The Petrashevsky Circle was a Russian literary discussion group of progressive-minded intellectuals in St. Petersburg in the 1840s. It was organized by Mikhail Petrashevsky, a follower of the French utopian socialist Charles Fourier. Among the members were writers, teachers, students, minor government officials and army officers. While differing in political views, most of them were opponents of the tsarist autocracy and Russian serfdom. Like that of the Lyubomudry group founded earlier in the century, the purpose of the circle was to discuss Western philosophy and literature that was officially banned by the Imperial government of Tsar Nicholas I.
Among those connected to the circle were the writers Fyodor Dostoevsky and Mikhail Saltykov-Shchedrin, and the poets Aleksey Pleshcheyev, Apollon Maikov, and Taras Shevchenko.

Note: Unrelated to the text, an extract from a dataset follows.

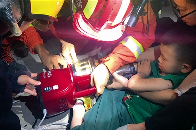 当晚21时10分左右,义乌市消防救援支队119指挥中心接到报警称,苏溪镇同春村有一小孩的手被榨汁机裹进去了,动弹不得。21时20分,救援人员到达现场。“小男孩整个右手掌卡在榨汁机的机身和旋转刀片之间,隐约可见掌心处肉被削开。”救援人员看着都心疼,他们利用磨光机小心翼翼地对机身进行多点切割。经过近20分钟的“精雕细磨”,男孩的手掌终于被成功取出。家人随即将孩子送往就近的医院治疗。经治疗,孩子手掌已缝合包扎,未伤到骨头。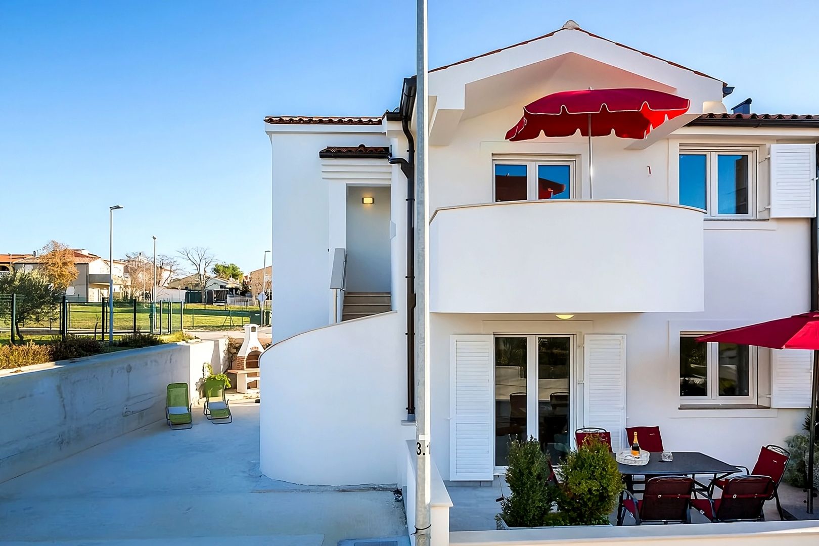 ISTRIEN, MEDULIN – Haus mit zwei Wohnungen, 100 Meter vom Meer entfernt Medulin, die Spitze Istriens, wie sie oft genannt wird, ist einer der beliebtesten Touristenorte der Halbinsel und zählt zu den zwanzig bekanntesten Reisezielen an der Adria. Das einst kleine Fischerdorf Medulin blickt auf eine reiche Kulturgeschichte zurück und profitiert von seiner günstigen geografischen Lage, einem gut geschützten Hafen und einem fruchtbaren Hinterland, die zu seiner wirtschaftlichen Entwicklung beigetragen haben. Auch die kleineren Orte Banjole, Pješčana uvala (bekannt für seine Sandstrände), Pomer, Premantura, Vinkuran und Vintijan gehören zur Gemeinde Medulin. Die kleine Halbinsel Vižula, eine archäologische Stätte, die seit 1974 unter Denkmalschutz steht, gehört ebenfalls zu Medulin. Unweit des Zentrums von Medulin steht ein Haus mit zwei Wohnungen, nur 100 Meter vom Meer entfernt, zum Verkauf. Neben der günstigen Lage zeichnet sich die Immobilie durch ihre hochwertige Bauweise aus, die langfristige Zufriedenheit und hohen Wohnkomfort garantiert. Der Wohnbereich ist klar strukturiert und optimal genutzt. Das komfortable Doppelhaus erstreckt sich über Erdgeschoss und Obergeschoss und besteht aus zwei elegant möblierten und bestens ausgestatteten Wohneinheiten. Beide Wohneinheiten verfügen über einen separaten Eingang und jeweils über einen offenen Wohnbereich mit Küche, Esszimmer und Wohnzimmer sowie Zugang zur Terrasse, zwei Schlafzimmer und Badezimmer. Der Garten ist gärtnerisch gestaltet und umzäunt. Lage, Raumaufteilung und Komfort machen diese Immobilie zu einer idealen Gelegenheit für ein ruhiges Familienleben sowie zu einer lohnenden Investition zur touristischen Vermietung.

Nicholas I, alarmed at the prospect of the revolutions of 1848 spreading to Russia, saw great danger in organisations like the Petrashevsky Circle. In 1849, members of the Circle were arrested and imprisoned. A large group of prisoners, Dostoevsky among them, were sent to Semyonov Place for execution. As they stood in the square waiting to be shot, a messenger interrupted the proceedings with notice of a reprieve. As part of a pre-planned intentional deception, the Tsar had prepared a letter to general-adjutant Sumarokov, commuting the death sentences to incarceration. Some of the prisoners were sent to Siberia, others to prisons. Dostoevsky's eight-year sentence was later reduced to four years by Nicholas I.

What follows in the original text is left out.